The launch data for 2011 certainly does bear this out.  In what Cazenove would no doubt describe as ‘alternative income’, Duet Real Estate Finance, in the Sector Specialist: Debt sector, was the first launch of 2011, raising £50m in March.  The company’s objective is to provide shareholders, through investment in its Master fund, with regular dividends and an attractive total return while limiting downside risk to capital, through exposure to European commercial real estate debt.  And anyone thinking that anything with ‘Europe’ in the remit might not be in vogue must think again: the fund was on a premium of 1% at 5 December 2011 and has a current dividend yield of 4.1%. In fact all but one of this year’s launches were  trading close to par on 5 December 2011, between a 2% premium and a 2% discount compared to an industry average discount of 10% at the end of November 2011. 

NB Global Floating Rate Income, another Sector Specialist: Debt investment company, has been by far the largest launch in 2011, raising £309m back in April.

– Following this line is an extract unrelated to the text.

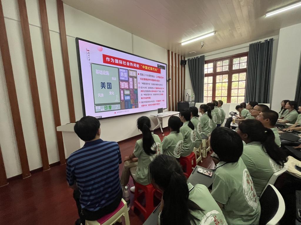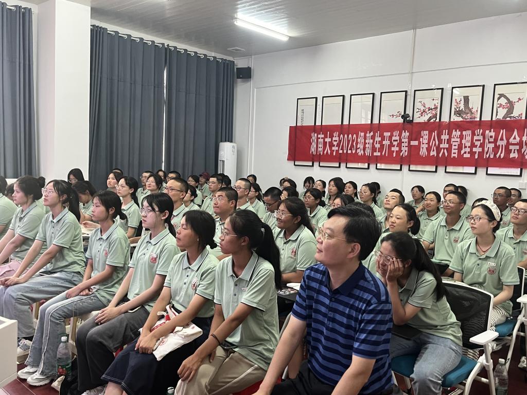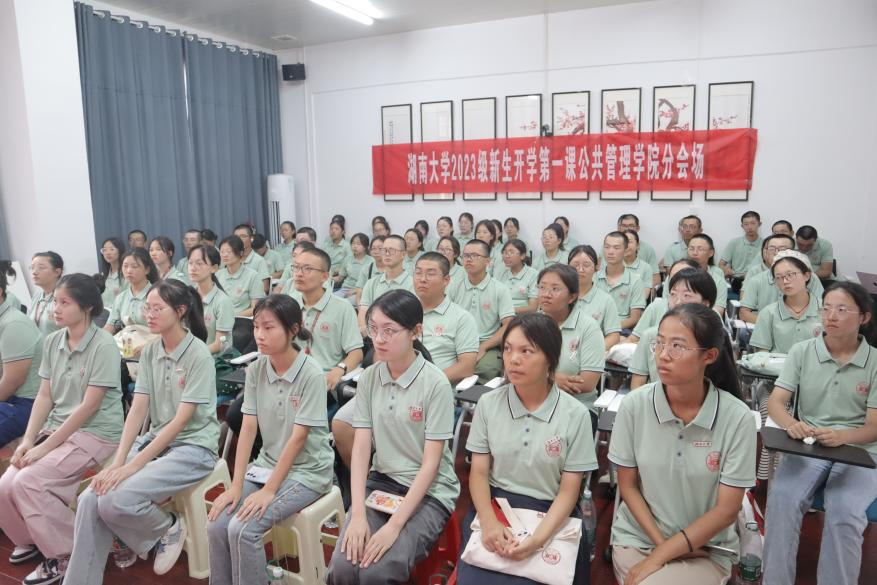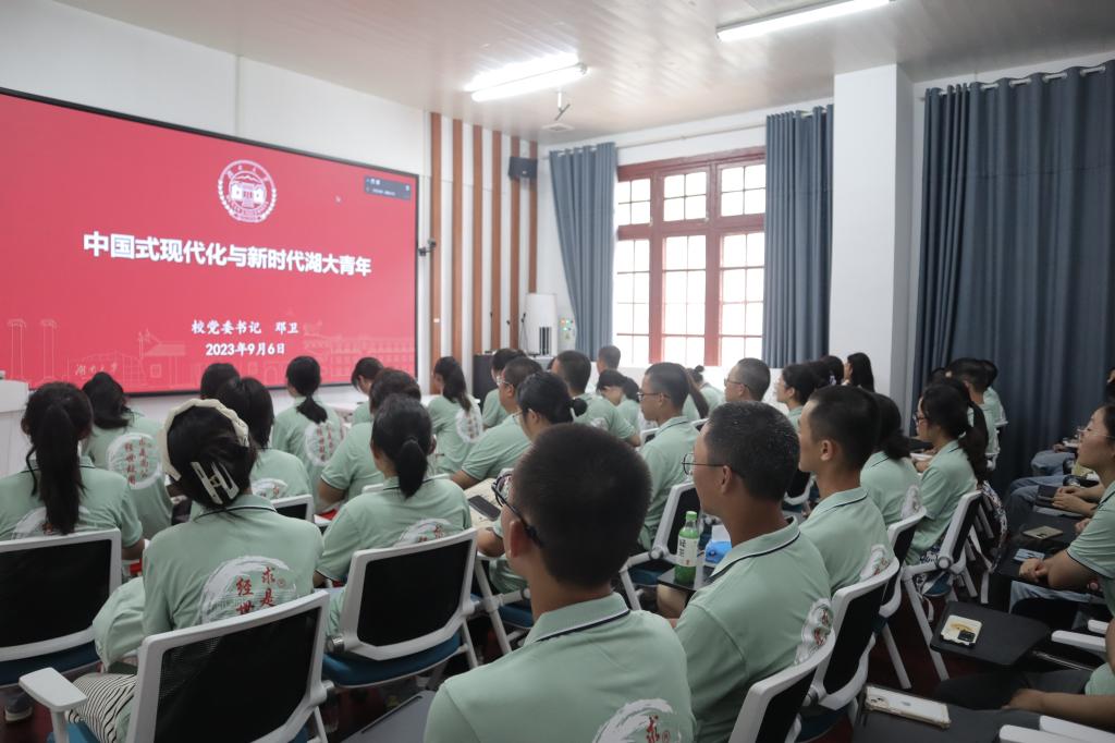 9月6日下午,欧美av 党委书记邓卫老师为全体2023级本科新生讲授了一堂主题为“中国式现代化与新时代湖大青年”的开学第一课。欧美av 15名23级本科新生代表前往欧美av 大礼堂主会场集中聆听,其余新生于欧美av 院楼220与221教室分会场观看直播。欧美av 党委副书记杜倩博老师、辅导员胡春晖老师出席并一同收看直播。

It was on a discount of just -0.4% on 5 December.  In the Forestry and Timber sector, Forest Company raised £166m in June and has been the only launch this year that has not had an income theme.  On 5 December it was trading close to par, at 0.2%.

Two more conventional launches this year still had an income theme.  Diverse Income Trust (UK Growth & Income) and Henderson International Income (Global Growth & Income) were launched in April raising £50m and £42m respectively.  At 5 December 2011, Diverse Income Trust was on a discount of 1.8%, whilst Henderson International Income was on a discount of 1.7%.  Another launch in the Global Growth sector, Damille Investments II (SFM) raised £74m.

Of course whilst new issues are an interesting measure of investor sentiment, the wider investment company sector has a long and enviable reputation when it comes to dividend records.  AIC research recently suggested that one third (33%) of conventional investment companies are yielding more than the FTSE 100 average annual yield of 3.2% (80 investment companies out of a universe of 244 conventional AIC members).  Two thirds of these (66%) were trading at a discount to net asset value (55 out of a total of 80 companies).  Investment trusts have the ability to sustain their dividends, by building up their revenue reserves in good years, allowing them to pay dividends in difficult years. They do this by squirreling away up to 15% of the income they receive each year and transferring this to their revenue reserves. Known as ‘smoothing’ dividends, this is one of the defining characteristics of the sector and has helped some investment trusts to raise their dividends each year for shareholders over many years.  This can be a great comfort to investors, particularly in difficult times.

As 2011 draws to a close, the economic outlook is perhaps less certain than ever.  But whilst launches have been muted this year, the launches do illustrate that companies with a mandate that resonates with investors can still be brought to market.  And with so many investment companies with an income focus trading at narrow discounts, if not premiums, it may seem that the income story has further to travel yet.  Only time will tell.